Why create a relational database?
- Flexible, can add new data and new relationships easily
- Eliminates redundancies (e.g., a csv with several rows of repeated data)
- Source: https://www.ibm.com/cloud/learn/relational-databases
- Example: https://www.pragimtech.com/blog/contribute/article_images/2220211210231003/what-is-a-relational-database.jpg

What is ORM? 
- ORM stands for Object Relational Mapping. 
- ORM is a technique used in creating a "bridge" between OOP and relational databases. 
- An ORM tool is a software designed to help OOP (like Python) to interact with relational databases. 
<br>
<br>

#### Python offers several ORM tools that help us to do that! 

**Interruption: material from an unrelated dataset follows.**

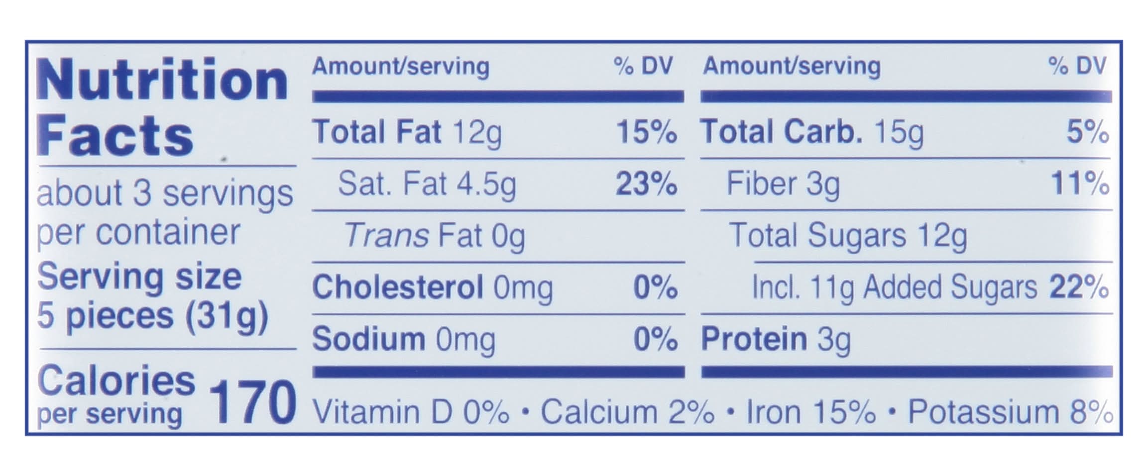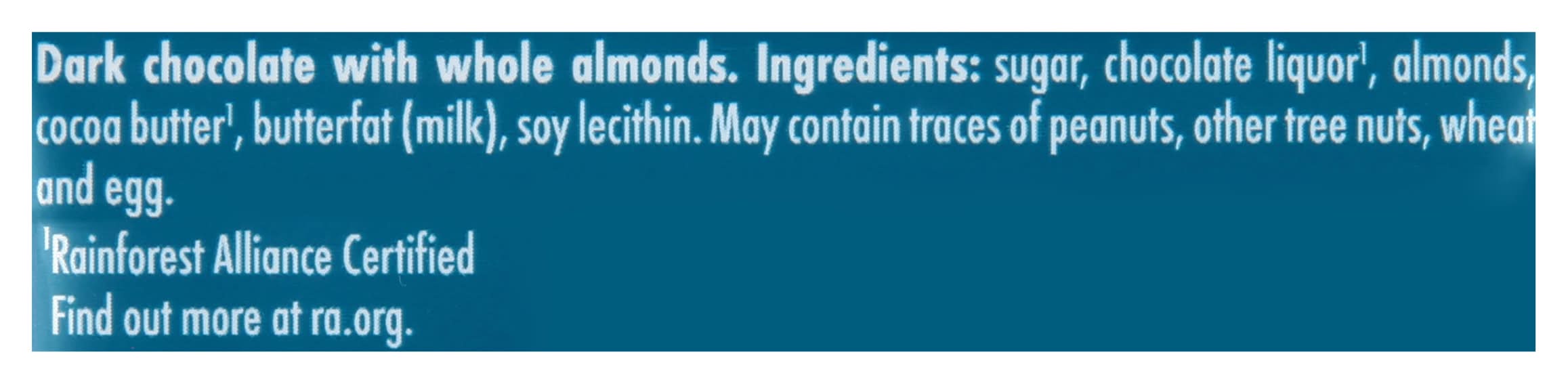 Ingredients: Sugar, Chocolate Liquor (Rainforest Alliance Certified), Almonds, Cocoa Butter (Rainforest Alliance Certified), Butterfat (Milk), Soy Lecithin Contains: Milk, Tree Nuts, Almonds, Soybeans, Peanuts, Tree Nuts, Eggs, Wheat

* Here is an example of SQL code that retrieves information about a particular user from a database: 

`SELECT id, name, email, country, phone_number`

`FROM users`

`WHERE id = 20`

* This code returns specified information about this user from a table called `users`, using the `WHERE` clause where we specified that `id = 20` for this user.
* On the other hand, an ORM tool can do the exact same query with much shorter code! 
`users.GetById(20)`

##### Let's install `sqlite` first! 

- On **Mac**: open terminal, then run `brew install sqlite3`
- On **Windows**: follow https://www.guru99.com/download-install-sqlite.html

##### Now we can install this library `sqlalchemy` for python. 

In [1]:
# !pip3 install sqlalchemy

- Check tutorial: http://pythoncentral.io/introductory-tutorial-python-sqlalchemy/
- Find documentation: https://www.kite.com/python/docs/

In [2]:
import sqlalchemy

# fun trick!
import warnings
warnings.filterwarnings('ignore')

#### 1. Establish connectivity using the Engine 

* The engine is typically a global object created using `create_engine()` just once for a particular database.

In [3]:
# Make sure to change to your directory
engine = sqlalchemy.create_engine('sqlite:///players.db')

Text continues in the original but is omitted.